Arrow left Go to previous page / next page of CMS site log MOVED TO...

6. 10. 2006 Many failures due to permissions problem - FIXED

Came back from a few days of vacation and discovered lots of failures on our CSCS PhEDEx download agent.

It's an old problem: The directory /dpm/projects.cscs.ch/home/cms/trivcat/store/CSA06 had automatically been created during production by Carsten with the production VOMS-role, while PhEDEx agents from FZK now try to write with a "naked" proxy that just gets mapped to group cms. In DPM the groups "cms/Role=production" and "cms" are understood as completely different groups. There is no hierarchy of groups possible. Additional permissions can be set by hand using dpns-setacl, which is fine, as long as the different roles constrain themselves to write in well separated branches of the directory tree. So, only a few high level directories need to be changed by a manager. It would be optimal, if the authorization modules of the storage services understood group hierarchies... (also look at this hypernews thread)

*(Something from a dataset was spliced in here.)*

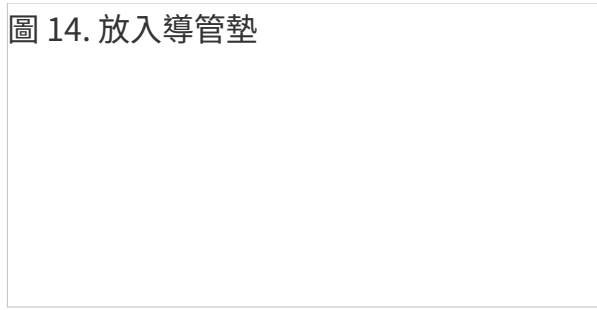
圖 14. 放入導管墊

After changing the permissions of the directory, the transfers immediately started to work, although pushing our SE to the limit:


cpu20061006.gif
network20061006.gif
gridftp20061006.gif

The PhEDEx settings of the download agent are

   -batch-files 5
   -jobs        2
while the FTS channel parameters are set to
Bandwidth: 0
Nominal throughput: 0
Number of files: 5, streams: 1

8. 10. 2006: Success rate for the transfers from FZK is basically 100% (repeated failures yesterday were due to a wrong file length value in the central DB)! Peak transfer rates for some single files are ~ 150Mb/s = 20MB/s.

9. 10. 2006 strange myproxy problem - FIXED

A configuration problem on the FTS server at FZK caused an error condition, where all of our download transfers failed due to not being able to obtain a myproxy certificate. I was not able to reproduce this failure when trying myself to check the certificate delegation using myproxy tools:

$> myproxy-info -d -s myproxy-fts.cern.ch
username: /O=GRID-FR/C=CH/O=CSCS/OU=CC-LCG/CN=Derek Feichtinger
owner: /O=GRID-FR/C=CH/O=CSCS/OU=CC-LCG/CN=Derek Feichtinger
  timeleft: 719:53:34  (30.0 days)

$> myproxy-get-delegation -v -l "/O=GRID-FR/C=CH/O=CSCS/OU=CC-LCG/CN=Derek 
Feichtinger" -s myproxy-fts.cern.ch -o /tmp/gagaga
Enter MyProxy pass phrase:
Socket bound to port 20002.

server name: /C=CH/O=CERN/OU=GRID/CN=host/lxb0728.cern.ch
checking if server name matches "myproxy@lxb0728.cern.ch"
server name does not match
checking if server name matches "host@lxb0728.cern.ch"
server name accepted
A proxy has been received for user /O=GRID-FR/C=CH/O=CSCS/OU=CC-LCG/CN=Derek 
Feichtinger in /tmp/gagaga

Martin Litmaath suggested, that the problem was due to a missing setting in the environment on the VO agent node at FZK: MYPROXY_TCP_PORT_RANGE 20000,25000. This solved it, so I restarted our PhEDEx download agent.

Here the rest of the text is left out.